ACTIVITY: Each record that follows is to be duplicated exactly, though its pictures are not.

DATA RECORDS:
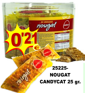
25225-NOUGAT CANDYCAT 25 gr.

11897-CHUPA POPS SABORES SORTIDOS Boião 80 un.
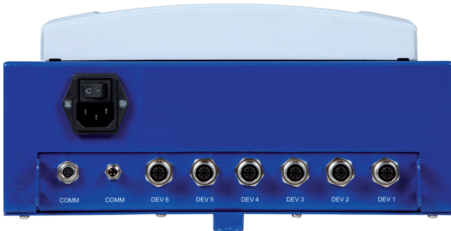
Aansluiting voor 6 apparaten
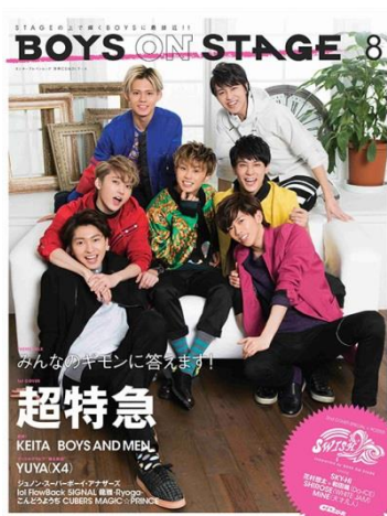
ダンス&ボーカルボーイズグループ専門誌 BOYS ON STAGE
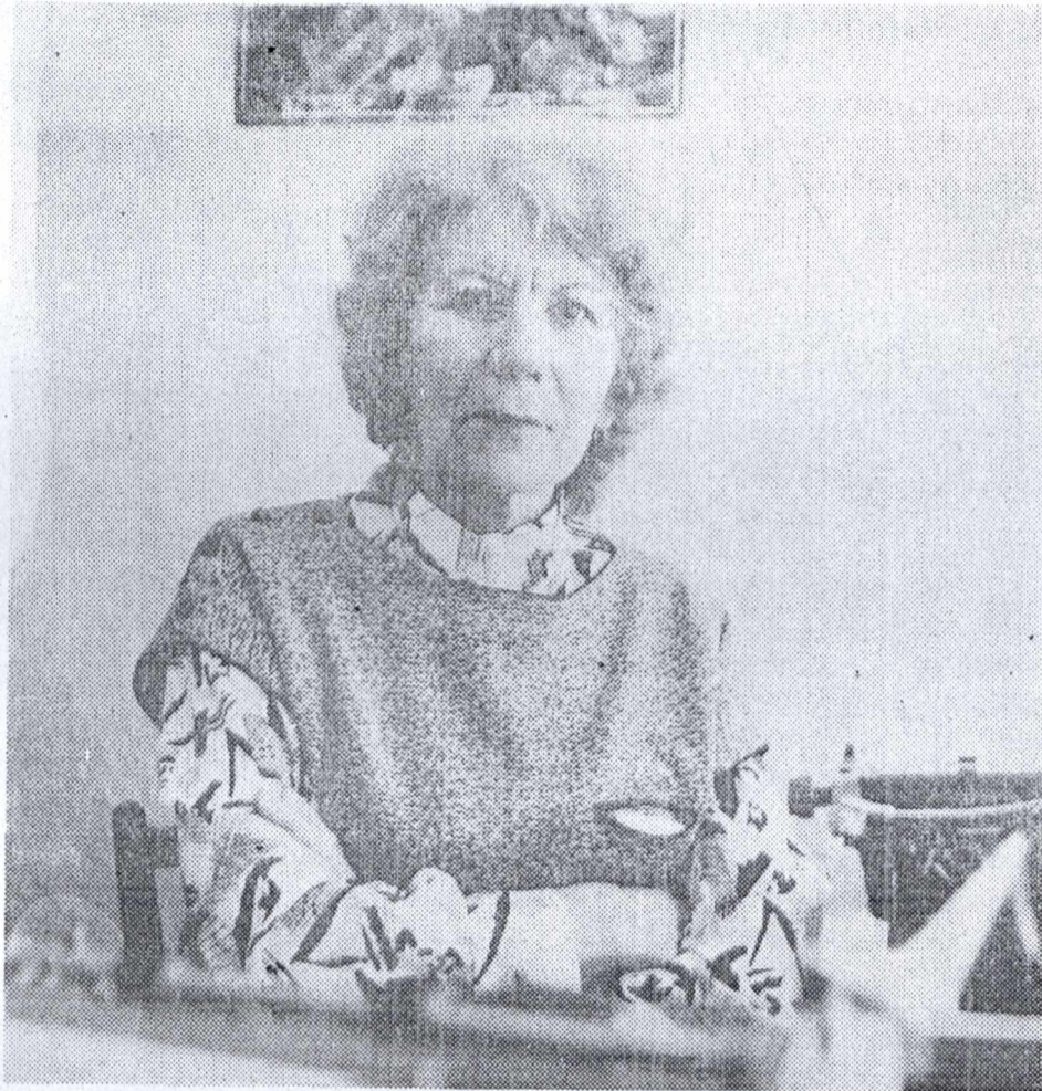
Из истории института
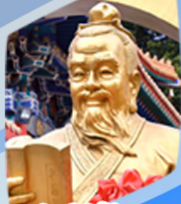
หลวงดำเซ็งน
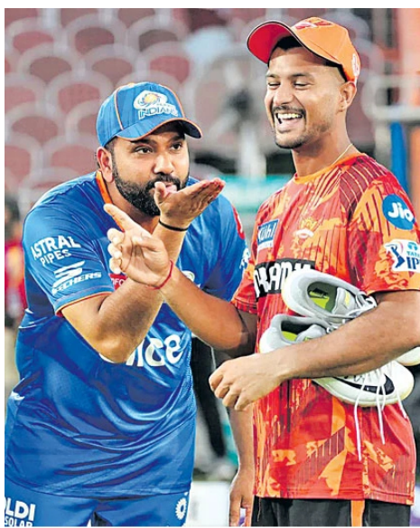
ఇప్పుడీ రెండు జట్లు తొలి గెలుపుపై గురిపెట్టాయి. ఈ సీజన్ లో సొంతగడ్డపై సన్ రైజర్స్ కు ఇదే మొదటి

మార్చి 26(జుబ్బిల్స్ వార్త) హైదరాబాద్: హైదరాబాద్: కొత్త సారథులు.. సరికొత్త ఉత్సాహంతో బరిలో దిగిన సన్ రైజర్స్ హైదరాబాద్, ముంబయి ఇండియన్స్ జట్లకు ఆరంభ మ్యాచ్ లో పరాజయాలు తప్పలేదు. ఆ మ్యాచ్ లో రెండు జట్లూ విజయానికి దగ్గరగా వచ్చినా ఆఖర్లో తడబాటుతో బోణీ కొట్టలేకపోయాయి. మరి బుధవారం ఉప్పల్ స్టేడియంలో అమీతుమీ తేల్చుకోనున్న సన్ రైజర్స్, ముంబయిలో మురిసేదెవరు? గెలుపు బోణీతో పాయింట్ల ఖాతా తెరిచేదెవరు? కోల్కతా నైట్ రైజర్స్ తో జరిగిన తొలి మ్యాచ్ లో సన్ రైజర్స్ గెలుపు ముంగిట బోలెడంది. హెన్రీక్ క్లూసెన్, షాబాజ్ అహ్మద్ జట్టును విజయానికి చేరువ చేసినా.. హార్షిత్ రాణా అద్భుతమైన బౌలింగ్ తో కమిన్స్ సేన ఆశలపై నీళ్లు చల్లాడు. గుజరాత్ టైటాన్స్ తో మ్యాచ్ లో ముంబయి అదే పరిస్థితి. చివరి ఓవర్ వరకు రేసులో ఉన్న ముంబయి ఆఖరి నాలుగు బంతుల్లో తడబడి మ్యాచ్ ను చేజారుకుంది.
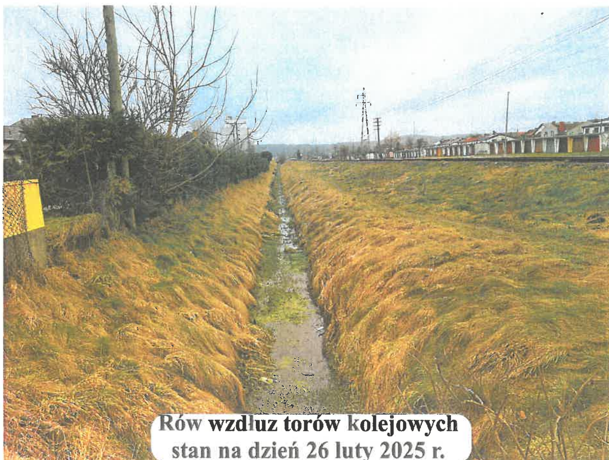
Rów wzdłuż torów kolejowych stan na dzień 26 luty 2025 r.
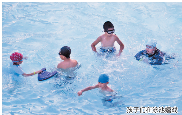
孩子们在泳池嬉戏
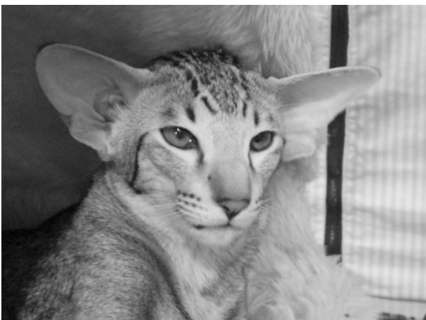
Sweetie's bror, Silvanest Hador OSH b 24, NOM begge dage

Sådan en togrejse med en kat er faktisk meget morsom – der er ikke grænser for, hvor snakkesalige folk bliver, når de opdager, man har en kat med i tasken, og kommentarer som "Guuud – jeg troede det var et barn, der kom med de lyde" og "Sikke store ører den har – skal den se sådan ud" kom der mange af lige i starten af turen. Ho-
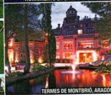
TERMES DE MONTBRIÓ, ARAGÓN
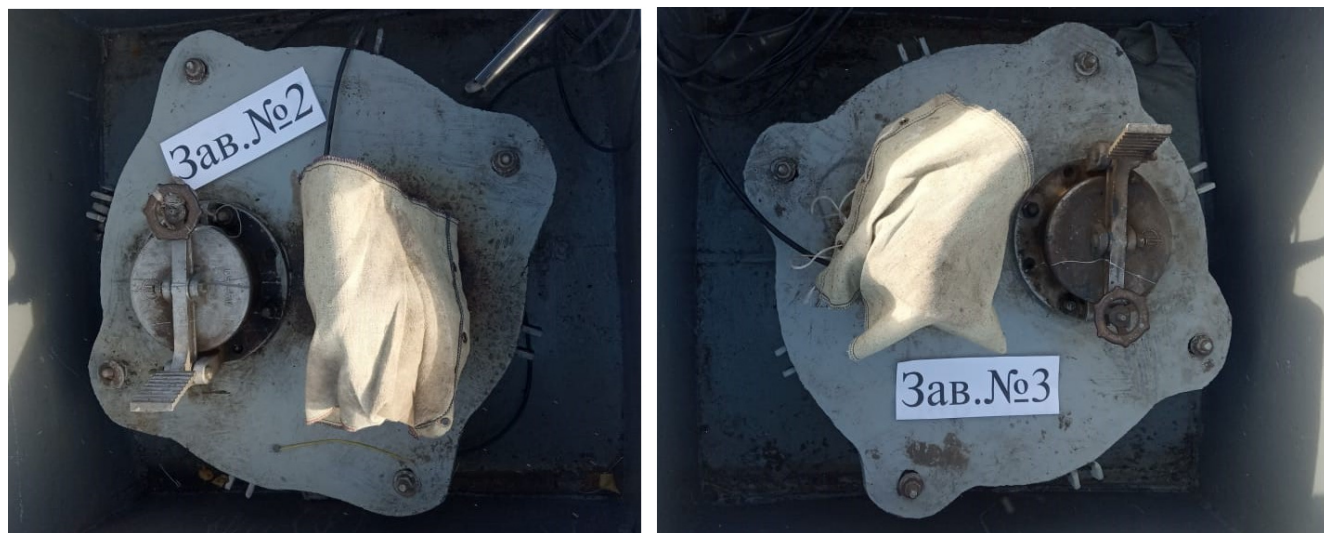
Рисунок 1 – Общий вид резервуаров РГС-60

Нанесение знака поверки на средство измерений не предусмотрено.
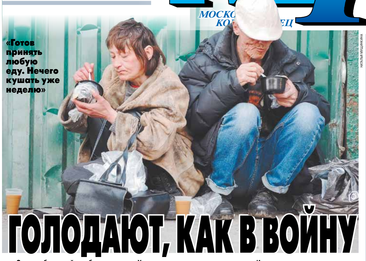
«Готов принять любую еду. Нечего кушать уже неделю»
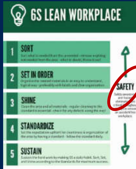
6S: Safety always
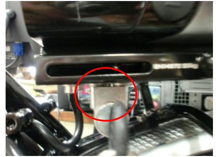
Kijk of je de borgpin niet ziet

ANSWER BOX:
25225-NOUGAT CANDYCAT 25 gr.

11897-CHUPA POPS SABORES SORTIDOS Boião 80 un.
Aansluiting voor 6 apparaten
ダンス&ボーカルボーイズグループ専門誌 BOYS ON STAGE
Из истории института
หลวงดำเซ็งน
ఇప్పుడీ రెండు జట్లు తొలి గెలుపుపై గురిపెట్టాయి. ఈ సీజన్ లో సొంతగడ్డపై సన్ రైజర్స్ కు ఇదే మొదటి

మార్చి 26(జుబ్బిల్స్ వార్త) హైదరాబాద్: హైదరాబాద్: కొత్త సారథులు.. సరికొత్త ఉత్సాహంతో బరిలో దిగిన సన్ రైజర్స్ హైదరాబాద్, ముంబయి ఇండియన్స్ జట్లకు ఆరంభ మ్యాచ్ లో పరాజయాలు తప్పలేదు. ఆ మ్యాచ్ లో రెండు జట్లూ విజయానికి దగ్గరగా వచ్చినా ఆఖర్లో తడబాటుతో బోణీ కొట్టలేకపోయాయి. మరి బుధవారం ఉప్పల్ స్టేడియంలో అమీతుమీ తేల్చుకోనున్న సన్ రైజర్స్, ముంబయిలో మురిసేదెవరు? గెలుపు బోణీతో పాయింట్ల ఖాతా తెరిచేదెవరు? కోల్కతా నైట్ రైజర్స్ తో జరిగిన తొలి మ్యాచ్ లో సన్ రైజర్స్ గెలుపు ముంగిట బోలెడంది. హెన్రీక్ క్లూసెన్, షాబాజ్ అహ్మద్ జట్టును విజయానికి చేరువ చేసినా.. హార్షిత్ రాణా అద్భుతమైన బౌలింగ్ తో కమిన్స్ సేన ఆశలపై నీళ్లు చల్లాడు. గుజరాత్ టైటాన్స్ తో మ్యాచ్ లో ముంబయి అదే పరిస్థితి. చివరి ఓవర్ వరకు రేసులో ఉన్న ముంబయి ఆఖరి నాలుగు బంతుల్లో తడబడి మ్యాచ్ ను చేజారుకుంది.
Rów wzdłuż torów kolejowych stan na dzień 26 luty 2025 r.
孩子们在泳池嬉戏
Sweetie's bror, Silvanest Hador OSH b 24, NOM begge dage

Sådan en togrejse med en kat er faktisk meget morsom – der er ikke grænser for, hvor snakkesalige folk bliver, når de opdager, man har en kat med i tasken, og kommentarer som "Guuud – jeg troede det var et barn, der kom med de lyde" og "Sikke store ører den har – skal den se sådan ud" kom der mange af lige i starten af turen. Ho-
TERMES DE MONTBRIÓ, ARAGÓN
Рисунок 1 – Общий вид резервуаров РГС-60

Нанесение знака поверки на средство измерений не предусмотрено.
«Готов принять любую еду. Нечего кушать уже неделю»
6S: Safety always
Kijk of je de borgpin niet ziet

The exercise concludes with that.